Separating Knowledge and Perception with Procedural Data: Training visual representation models solely on procedurally generated data (non-real images) and injecting real-world knowledge through a visual memory (KNN retrieval database) approaches the performance of models trained on real data in classification and segmentation tasks, while achieving full controllability of all real-world data (privacy protection and efficient forgetting).
SpikeVideoFormer: An Efficient Spike-Driven Video Transformer with Hamming Attention and \(\mathcal{O}(T)\) Complexity: This paper proposes SpikeVideoFormer, the first spike-driven Transformer designed for video tasks. It utilizes Hamming attention instead of dot-product attention to accurately measure spike feature similarity, and combines joint space-time attention to maintain \(\mathcal{O}(T)\) linear time complexity. It achieves state-of-the-art (SOTA) performance for SNNs across three video tasks while being 5-16 times more energy-efficient than ANNs.
unMORE: Unsupervised Multi-Object Segmentation via Center-Boundary Reasoning: This paper proposes unMORE, which achieves unsupervised multi-object segmentation by learning a three-layer object-centric representation (existence, center field, and boundary distance field) and designing a network-free multi-object reasoning module, substantially outperforming all unsupervised methods on six datasets, including COCO.

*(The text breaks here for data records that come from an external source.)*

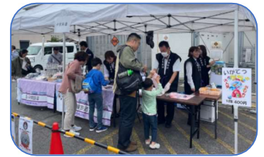
伊賀鉄道等のグッズ販売
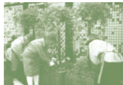
「大宮市花とみどりの基金」(埼玉県) 指扇駅前に10基のフラワー

一般公募「緑と花のスポットガーデン」の活動助成 (財)都市緑化基金を通じて一般公募した全国各地のさまざまな活動を応援しました。(平成9年度 助成実績11件)
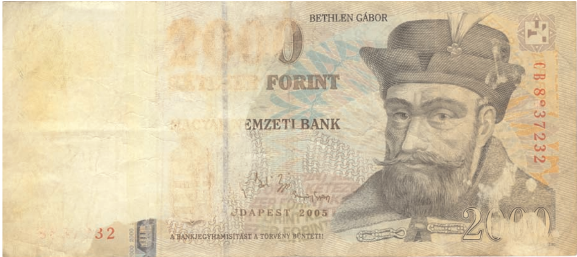
Vegyszerrel szennyezett, lekopott bankjegy
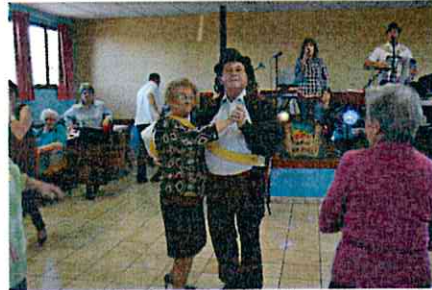
Mister et Miss Choucroute en plein slow 22 nov 2014
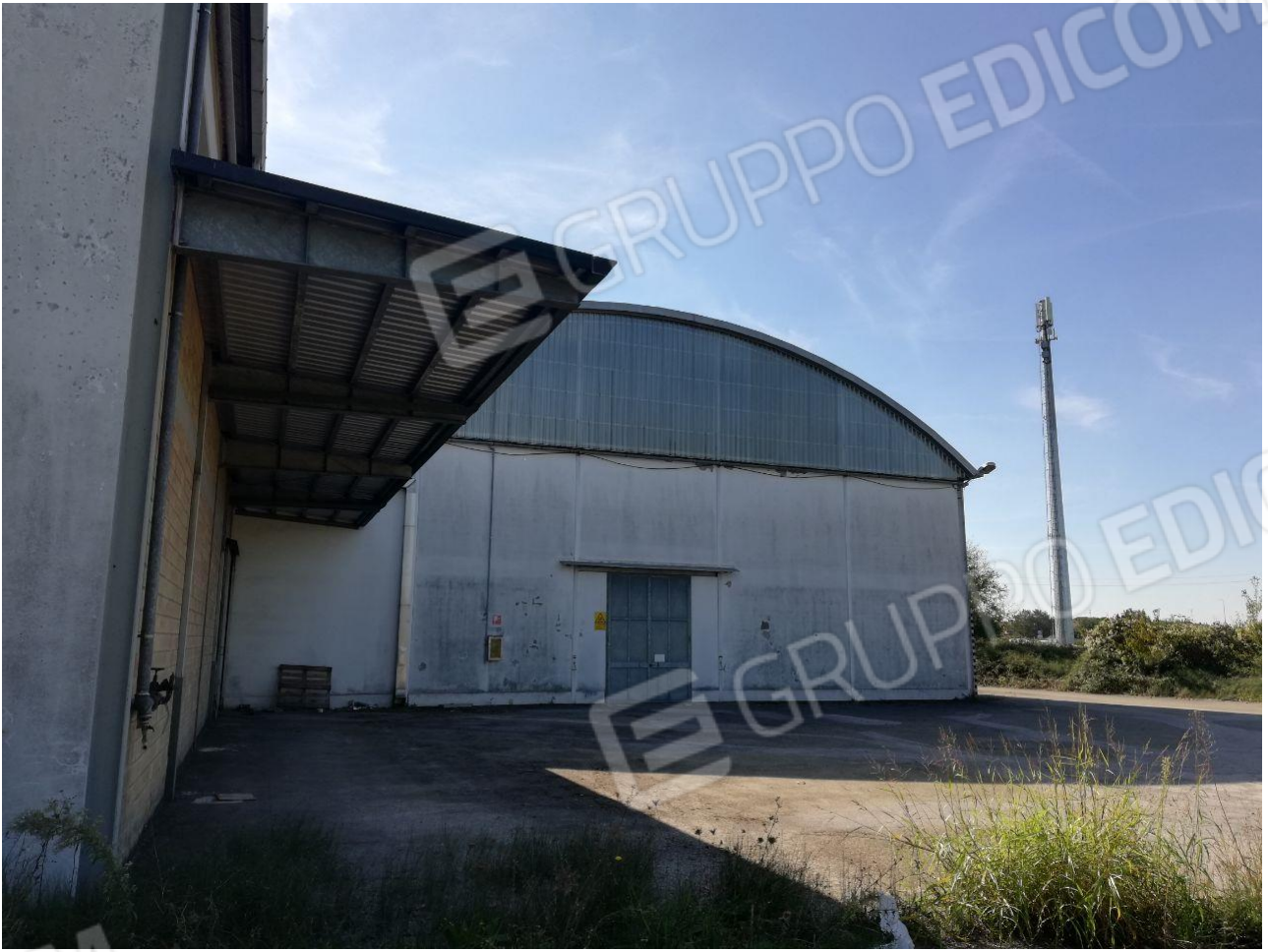
Figura 15 FOGLIO 103 MAPP. 257

Using Multiple Input Modalities Can Improve Data-Efficiency and O.O.D. Generalization for ML with Satellite Imagery: This work systematically studies the effects of fusing optical imagery with additional geographic data layers (DEM, land cover maps, temperature, wind speed, etc.) in satellite remote sensing ML tasks. It is found that multimodal inputs significantly improve model performance, with the gains being most pronounced in scenarios with limited labeled data and geographic out-of-distribution shifts. Surprisingly, hard-coded fusion strategies outperform learned fusion strategies.